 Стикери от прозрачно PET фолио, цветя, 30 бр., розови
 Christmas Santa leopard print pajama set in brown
...
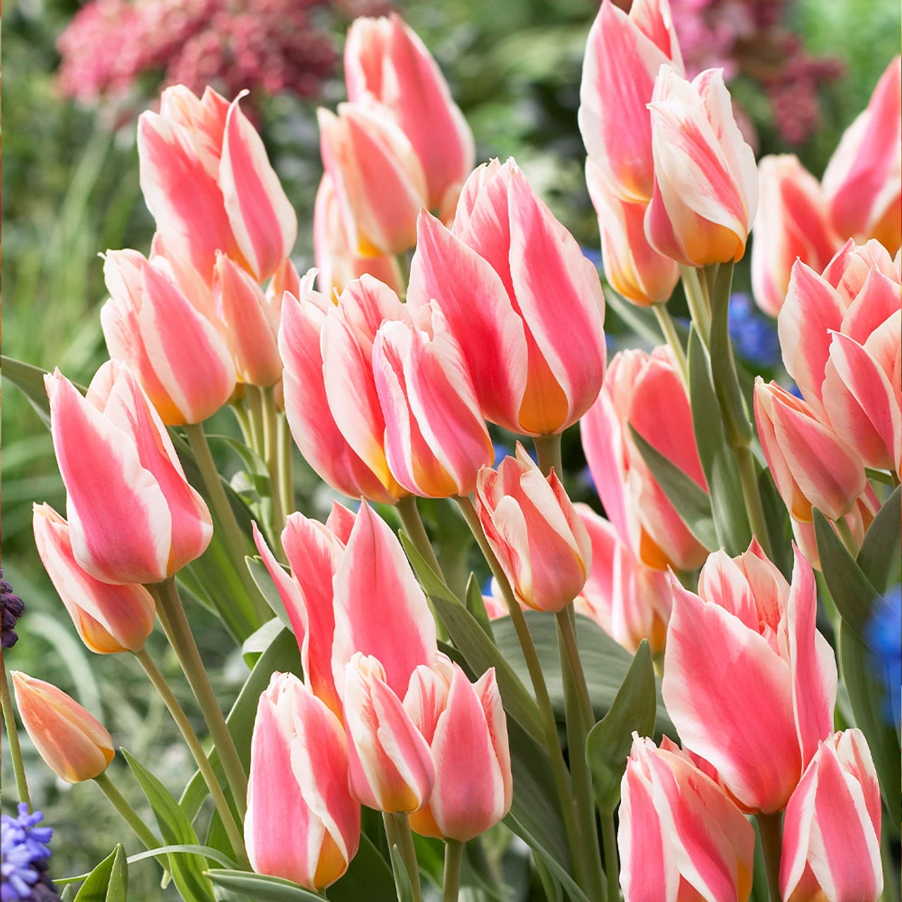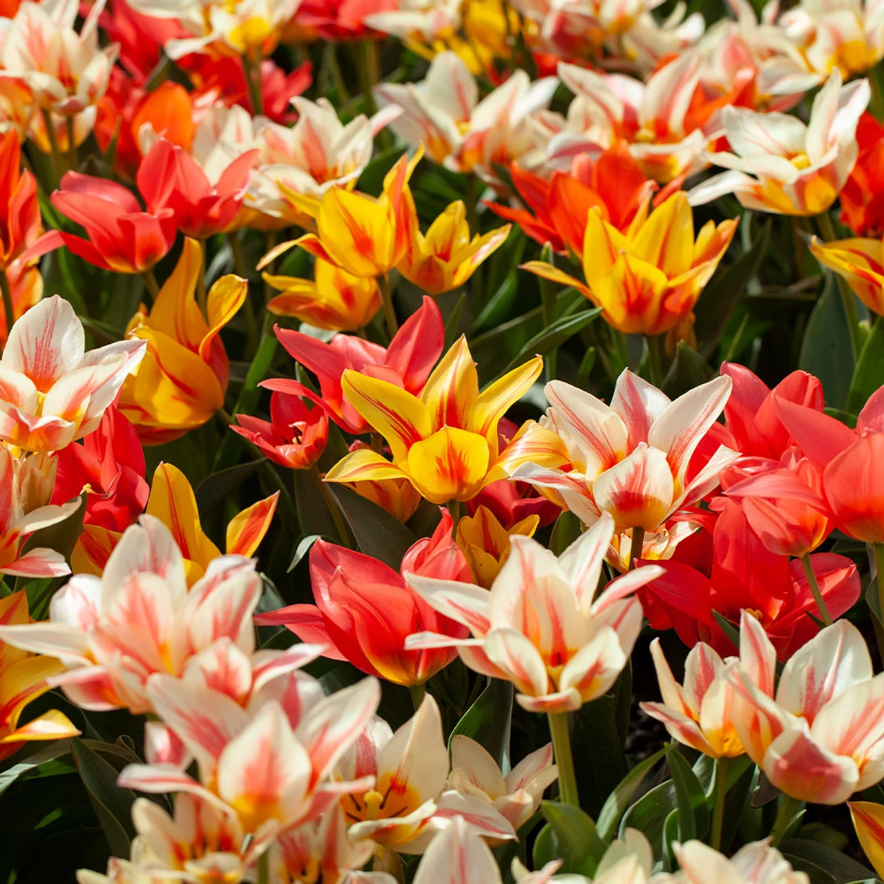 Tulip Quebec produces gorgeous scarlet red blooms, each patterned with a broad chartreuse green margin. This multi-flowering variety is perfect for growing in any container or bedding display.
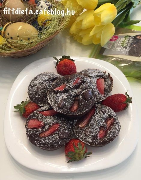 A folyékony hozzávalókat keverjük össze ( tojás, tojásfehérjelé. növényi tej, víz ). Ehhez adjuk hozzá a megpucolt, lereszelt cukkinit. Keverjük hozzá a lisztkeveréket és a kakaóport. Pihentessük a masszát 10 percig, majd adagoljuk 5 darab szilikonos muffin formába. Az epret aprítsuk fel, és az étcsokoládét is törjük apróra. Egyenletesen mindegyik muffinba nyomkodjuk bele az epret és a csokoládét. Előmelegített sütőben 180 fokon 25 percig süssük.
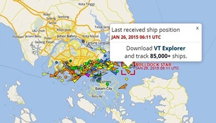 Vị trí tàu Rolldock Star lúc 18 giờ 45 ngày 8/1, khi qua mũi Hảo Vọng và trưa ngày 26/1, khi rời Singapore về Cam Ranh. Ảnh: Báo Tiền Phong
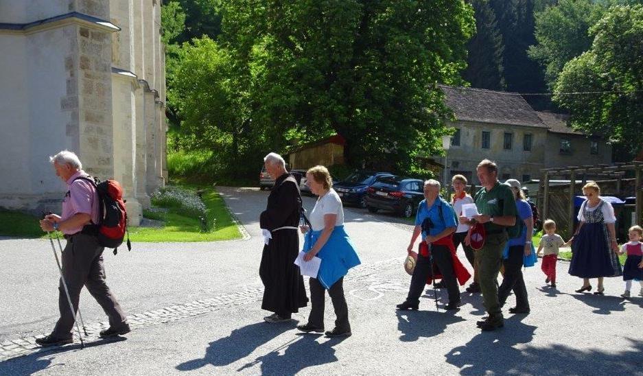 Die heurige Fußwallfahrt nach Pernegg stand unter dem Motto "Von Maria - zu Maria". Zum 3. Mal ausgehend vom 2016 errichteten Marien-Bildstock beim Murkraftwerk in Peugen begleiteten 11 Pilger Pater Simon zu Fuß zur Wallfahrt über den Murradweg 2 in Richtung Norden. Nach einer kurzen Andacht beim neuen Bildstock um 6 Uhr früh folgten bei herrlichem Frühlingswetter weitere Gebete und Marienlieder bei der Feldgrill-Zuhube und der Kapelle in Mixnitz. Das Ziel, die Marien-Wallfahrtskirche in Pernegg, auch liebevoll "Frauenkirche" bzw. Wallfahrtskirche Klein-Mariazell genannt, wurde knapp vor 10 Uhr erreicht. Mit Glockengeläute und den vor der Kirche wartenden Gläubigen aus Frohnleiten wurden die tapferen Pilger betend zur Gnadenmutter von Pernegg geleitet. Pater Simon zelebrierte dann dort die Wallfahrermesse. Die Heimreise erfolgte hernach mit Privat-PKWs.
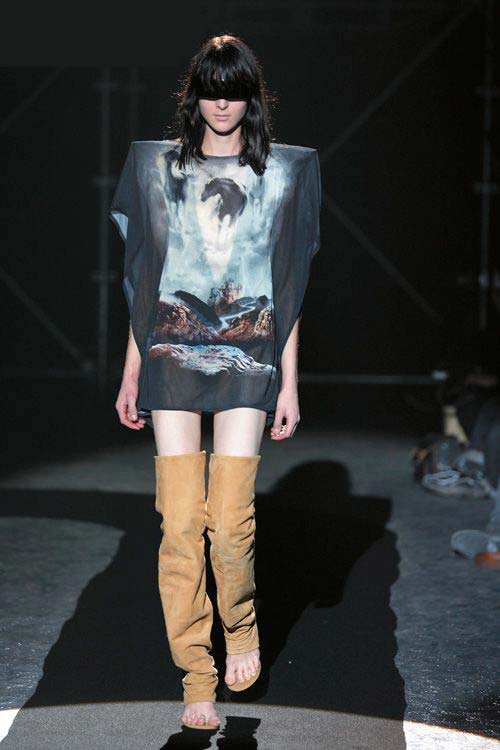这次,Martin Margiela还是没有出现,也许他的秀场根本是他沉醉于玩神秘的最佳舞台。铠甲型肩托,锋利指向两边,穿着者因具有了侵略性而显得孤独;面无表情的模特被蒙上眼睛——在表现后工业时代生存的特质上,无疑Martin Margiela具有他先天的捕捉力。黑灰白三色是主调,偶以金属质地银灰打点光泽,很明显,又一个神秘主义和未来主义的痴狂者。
==
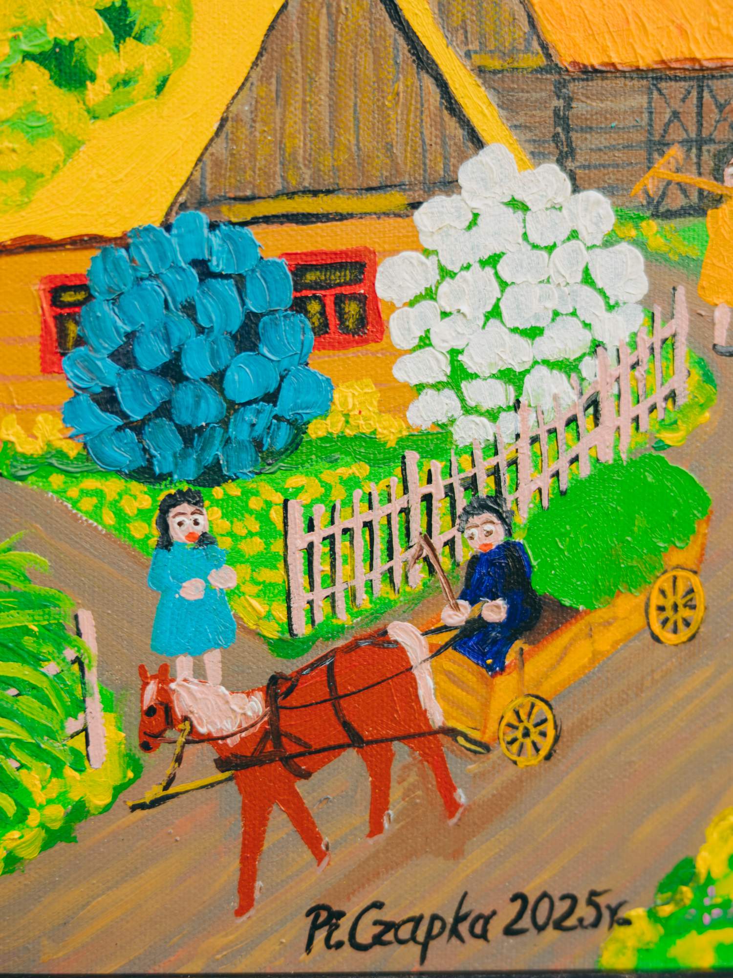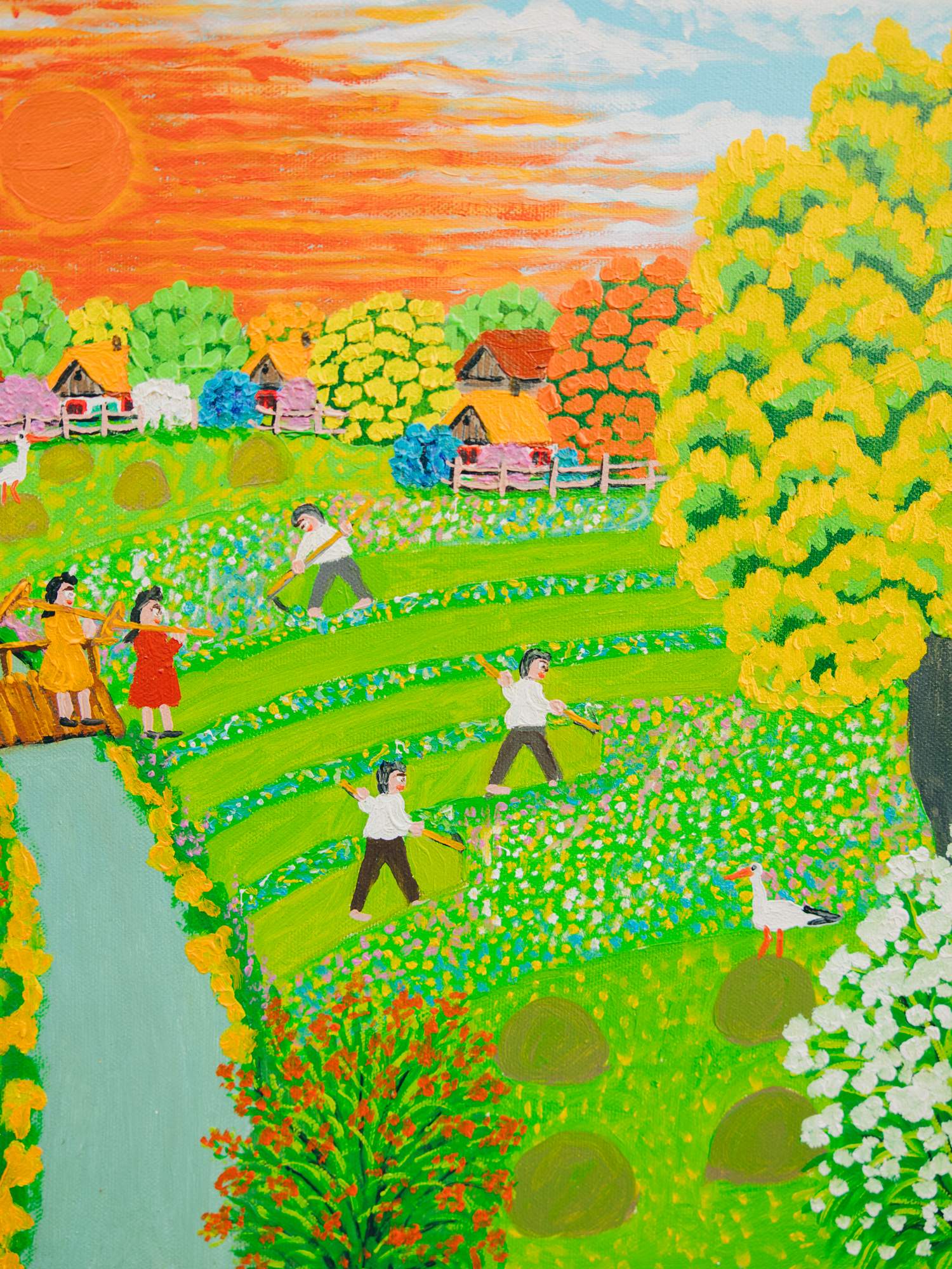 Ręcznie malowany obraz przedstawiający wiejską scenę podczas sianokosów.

■ WHAT YOU HAVE TO DO
One stretch of the lines above is wanted, from the line that contains "Стикери от прозрачно" through the line that contains "Christmas Santa leopard". Output it exactly.

■ RESULT
 Стикери от прозрачно PET фолио, цветя, 30 бр., розови
 Christmas Santa leopard print pajama set in brown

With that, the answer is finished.